Try it
Give back every record exactly, images excluded.

Dataset entries
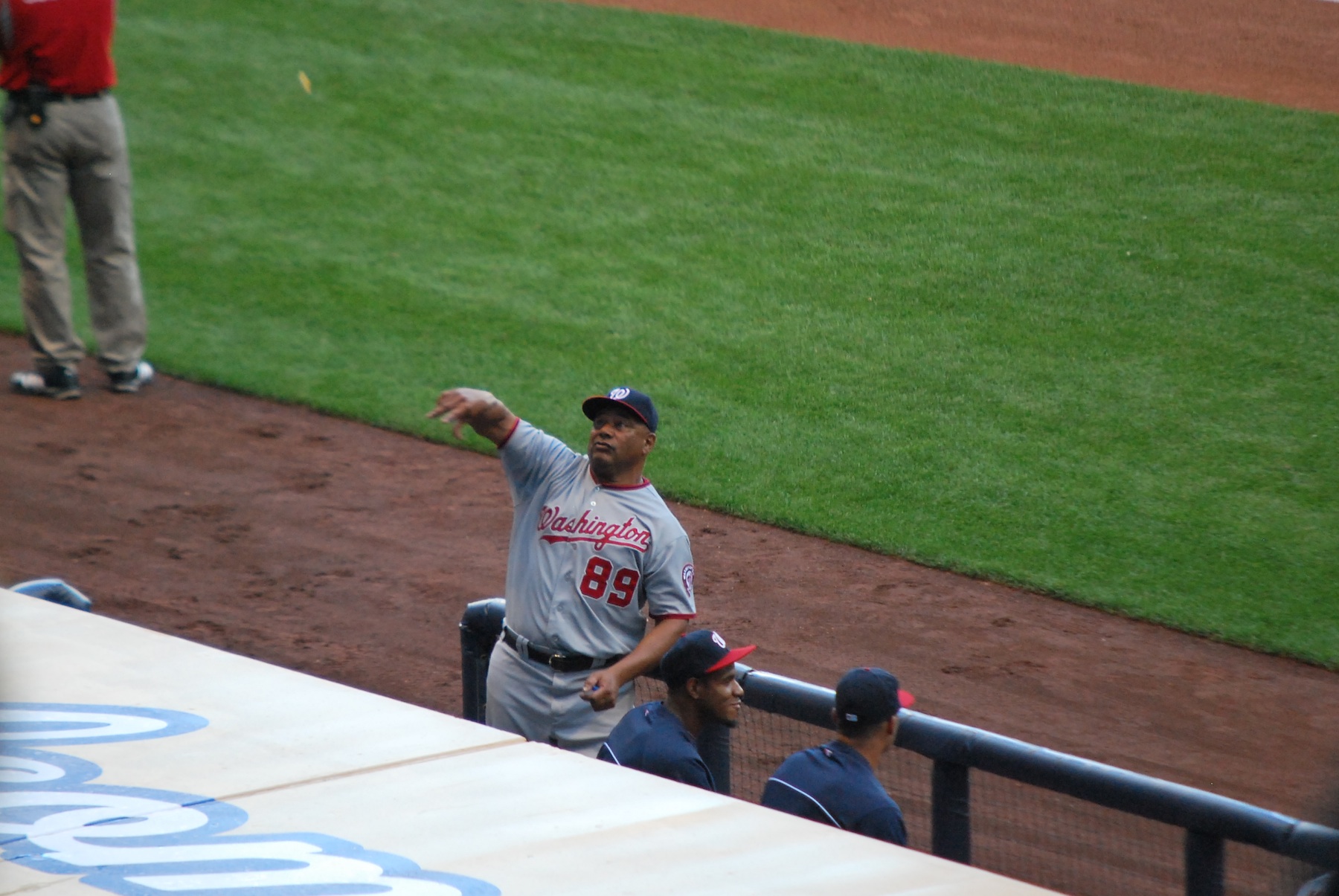 One of the Nationals’ coaches was throwing gum into the stands before the game started. I couldn’t find number 89 on their website under coaches, so i have have no idea who he is. It was nice of him to share some of the Dubble Bubble with a few fans.
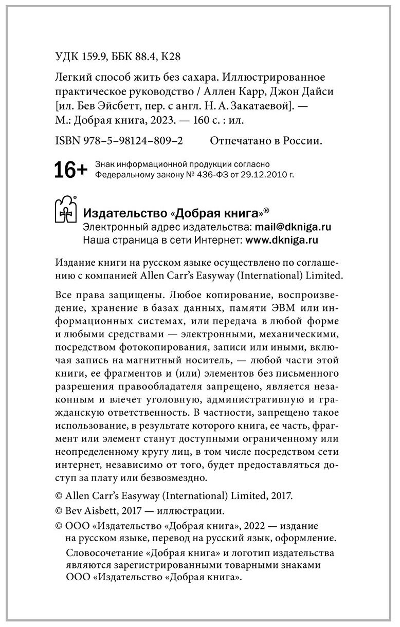 Легкий способ жить без сахара (Эйсбетт Бев, Карр Аллен, Дайси Джон); Добрая книга, 2023
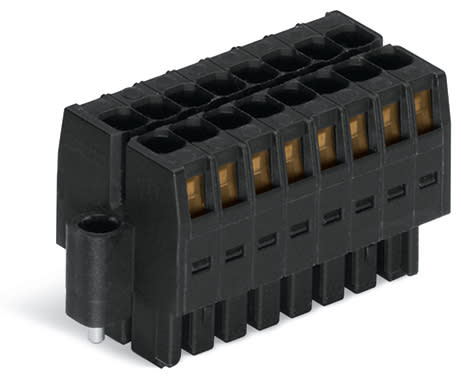 Connettore femmina per 1 conduttore, 2 file. CAGE CLAMP®. 1,5 mm2. Passo pin 3,5 mm. 30 poli. Protetto al 100% contro l'inversione di polarità. Flangia a vite. 1,50 mm2. nero
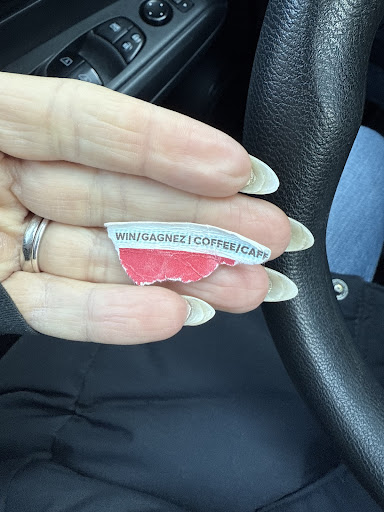 Read moreSérieusement, cela fait deux fois que je croise cette employée dans ce Tom Horton et les deux fois le service était de piètre qualité! Première fois: J'arrête au Tim uniquement pour le "déroule le rebords" car j'ai été trop longtemps une de leurs meilleures clientes..on m'indique (cette employée) que le verre choisit n'est plus dispo (nous sommes en début de concours)...ok cela est compréhensible mais elle a refusé de me donner un autre verre de peu importe le format (je rates donc une chance de gagner). Deuxième fois: Aujourd'hui j'apporte ce coupon (voir photo) afin d'obtenir mon café gratuit et elle m'indique que mon coupon est non valide car il n'a pas été découpé du pointiller au pointiller!!! Eufff mais c'est quoi cette blague??? Je lui demande si elle est sérieuse en indiquant que c'est bel et bien inscrit Win/Gagnez/Coffee/Cafe??? Elle n'a jamais voulu m'offrir gratuitement MON GAIN et même l'autre employée (probablement nouvelle) a trouvé cela ridicule! Je suis vraiment frustrée par cette dame qui en plus n'offre pas un accueil agréable ni aucunement courtois! Vous trouvez ça adéquat et/ou justifié? Je me questionne sérieusement que je n'ai même pas envie...
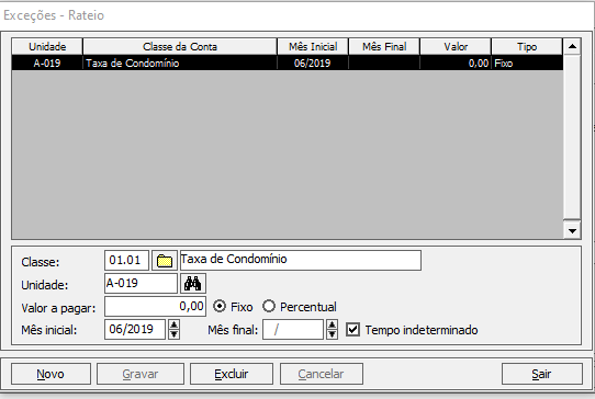 Nessa tela, você poderá definir a unidade que receberá a exceção para o lançamento de uma classe ou mais cadastradas, o valor que a unidade pagará (fixo ou percentual do valor a ser rateado), e o período que deseja que a regra de exceção será válida.
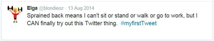 “Sprained back means I can’t sit or stand or walk or go to work, but I CAN finally try out this Twitter thing. #myfirstTweet”
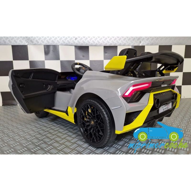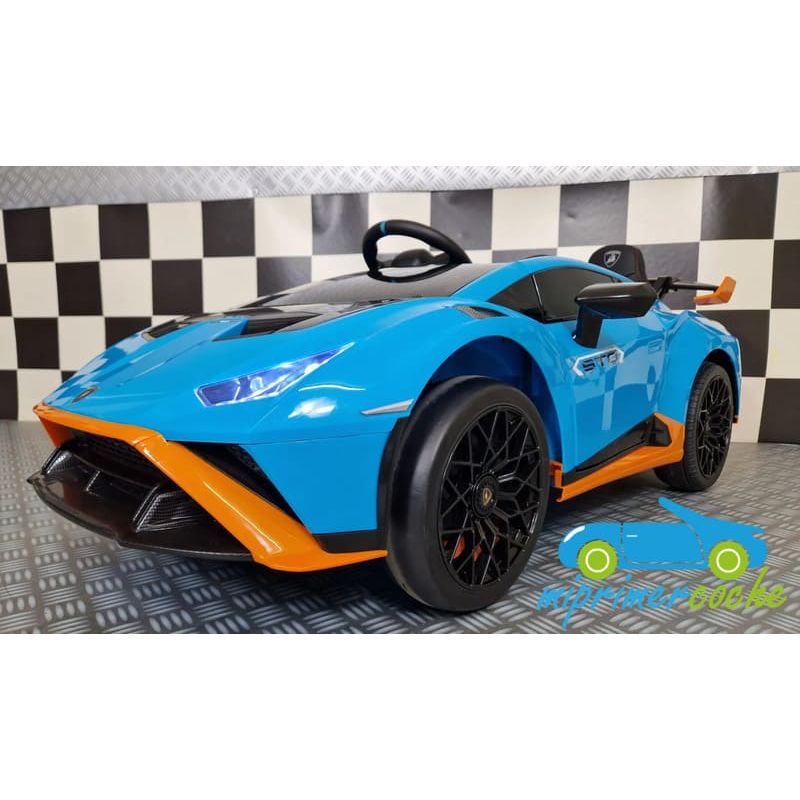El coche eléctrico infantil LAMBORGHINI STO DRIFT 12V es un coche con un diseño realista , equipado con 2 motores 12v de alta prestación y con ruedas traseras de plástico , gracias a estas prestaciones es capaz de realizar derrape a una velocidad de 8 km/h .

Result
 One of the Nationals’ coaches was throwing gum into the stands before the game started. I couldn’t find number 89 on their website under coaches, so i have have no idea who he is. It was nice of him to share some of the Dubble Bubble with a few fans.
 Легкий способ жить без сахара (Эйсбетт Бев, Карр Аллен, Дайси Джон); Добрая книга, 2023
 Connettore femmina per 1 conduttore, 2 file. CAGE CLAMP®. 1,5 mm2. Passo pin 3,5 mm. 30 poli. Protetto al 100% contro l'inversione di polarità. Flangia a vite. 1,50 mm2. nero
 Read moreSérieusement, cela fait deux fois que je croise cette employée dans ce Tom Horton et les deux fois le service était de piètre qualité! Première fois: J'arrête au Tim uniquement pour le "déroule le rebords" car j'ai été trop longtemps une de leurs meilleures clientes..on m'indique (cette employée) que le verre choisit n'est plus dispo (nous sommes en début de concours)...ok cela est compréhensible mais elle a refusé de me donner un autre verre de peu importe le format (je rates donc une chance de gagner). Deuxième fois: Aujourd'hui j'apporte ce coupon (voir photo) afin d'obtenir mon café gratuit et elle m'indique que mon coupon est non valide car il n'a pas été découpé du pointiller au pointiller!!! Eufff mais c'est quoi cette blague??? Je lui demande si elle est sérieuse en indiquant que c'est bel et bien inscrit Win/Gagnez/Coffee/Cafe??? Elle n'a jamais voulu m'offrir gratuitement MON GAIN et même l'autre employée (probablement nouvelle) a trouvé cela ridicule! Je suis vraiment frustrée par cette dame qui en plus n'offre pas un accueil agréable ni aucunement courtois! Vous trouvez ça adéquat et/ou justifié? Je me questionne sérieusement que je n'ai même pas envie...
 Nessa tela, você poderá definir a unidade que receberá a exceção para o lançamento de uma classe ou mais cadastradas, o valor que a unidade pagará (fixo ou percentual do valor a ser rateado), e o período que deseja que a regra de exceção será válida.
 “Sprained back means I can’t sit or stand or walk or go to work, but I CAN finally try out this Twitter thing. #myfirstTweet”
El coche eléctrico infantil LAMBORGHINI STO DRIFT 12V es un coche con un diseño realista , equipado con 2 motores 12v de alta prestación y con ruedas traseras de plástico , gracias a estas prestaciones es capaz de realizar derrape a una velocidad de 8 km/h .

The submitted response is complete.